Recorremos novamente a Isaiah Berlin (depois de Rousseau ainda falta Fichte, Hegel, Saint-Simon e Maistre, vão aguardando), e à obra Rousseau e outros cinco inimigos da liberdade (Gradiva, 2005) desta vez transcrevendo na íntegra as páginas 69 a 74. É um pouco longo mas vale bem a pena. Os destaques a negrito são, obviamente, meus. Este excerto vai dedicado a todos os liberais portugueses mas vai ainda com especial carinho para todos os comunistas, socialistas, nazis, fascistas, jacobinos, todos aqueles que não têm respeito pela liberdade dos outros, e ainda todos aqueles que se permitiram matar nem que fosse uma só pessoa em nome de uma ideologia qualquer - esperemos nunca cair nas garras de quejandos inimigos da liberdade:

 

(Sir Isaiah Berlin)

 

Partindo da liberdade ilimitada, chego ao despotismo ilimitado.
Shigalev, em Os Demónios de Dostoiévski.
(pág 49)

"Consequentemente, Rousseau desenvolve o conceito de vontade geral. Começa com a ideia inofensiva de um contrato, o que, no fim de contas, é um assunto semicomercial, simplesmente um tipo de compromisso a que se adere voluntariamente e, em última análise, igualmente revogável, um acto realizado por seres humanos que se reúnem e acordam praticar determinadas acções destinadas a conduzir à sua felicidade comum; mas, ainda assim, apenas um acordo de conveniência que, caso conduza à miséria comum, podem abandonar. É assim que começa; mas a partir da ideia de um contrato social como um acto absolutamente voluntário da parte de indivíduos que permanecem independentes e que buscam, cada um, o seu próprio bem, Rousseau avança gradualmente para a noção de uma vontade geral quase como a vontade personificada de uma vasta entidade superindividual, de algo chamado «o Estado», que não é já o leviatã esmagador de Hobbes, mas algo mais parecido com uma equipa, com uma Igreja, uma unidade na diversidade, algo maior do que nós, no qual mergulhamos a nossa personalidade apenas para voltarmos a descobri-la.

Há um momento místico em que Rousseau passa misteriosamente da ideia de um grupo de indivíduos com relações voluntárias e livres entre si, cada um buscando o seu próprio bem, para a ideia de submissão a algo que somos nós próprios e, contudo, é maior do que nós – o todo, a comunidade.
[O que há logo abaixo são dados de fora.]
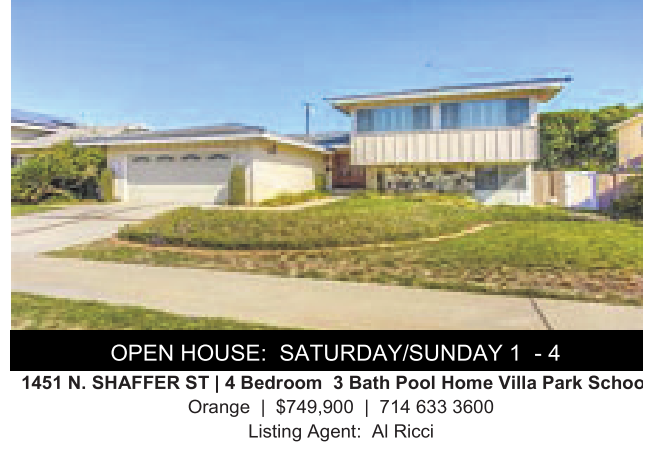 OPEN HOUSE: SATURDAY/SUNDAY 1 - 4 1451 N.SHAFFER ST |4Bedroom 3Bath Pool Home Villa Park Schoo Orange | $749,900 | 714 633 3600 Listing Agent: AlRicci

Os passos que utiliza para o alcançar são singulares e vale a pena analisá-los brevemente.


Dizemos para nós próprios que desejamos determinadas coisas e se somos impedidos de as ter, não somos livres; e isso é o pior que nos pode acontecer. Dizemos então para nós próprios: «O que é que eu desejo?» Desejamos apenas a satisfação da nossa natureza. Se formos sensatos, se formos racionais, bem informados, perspicazes, descobriremos onde reside a nossa satisfação. A verdadeira satisfação de qualquer homem não pode colidir com a verdadeira satisfação de qualquer outro, pois se isso acontecesse, a natureza não seria harmoniosa e uma verdade colidiria com outra, o que é logicamente impossível. Poderei verificar que outros homens estão a tentar frustrar-me. Por que motivo o fazem? Se sei que estou certo, se sei que aquilo que busco é o verdadeiro bem, então as pessoas que se me opõem têm de estar erradas sobre o que quer que seja que elas próprias busquem. Sem dúvida que também elas julgam que estão a buscar o bem, afirmam a sua própria liberdade de obtê-lo, mas estão a procurá-lo no sítio errado. Por conseguinte, tenho o direito de as impedir. Em virtude de quê tenho eu o direito de fazê-lo? Não porque deseje algo que elas não desejem, não porque seja superior a elas, não porque seja mais forte, nem mesmo porque seja mais inteligente do que elas, uma vez que são seres humanos com almas imortais e, como tal, minhas iguais, e Rousseau acredita ardentemente na igualdade. É porque, se elas soubessem o que verdadeiramente desejam, buscariam o mesmo que eu. O facto de não o fazerem significa que não o sabem realmente – e é o «verdadeiramente» e o «realmente» que, como tantas vezes, são as palavras traiçoeiras.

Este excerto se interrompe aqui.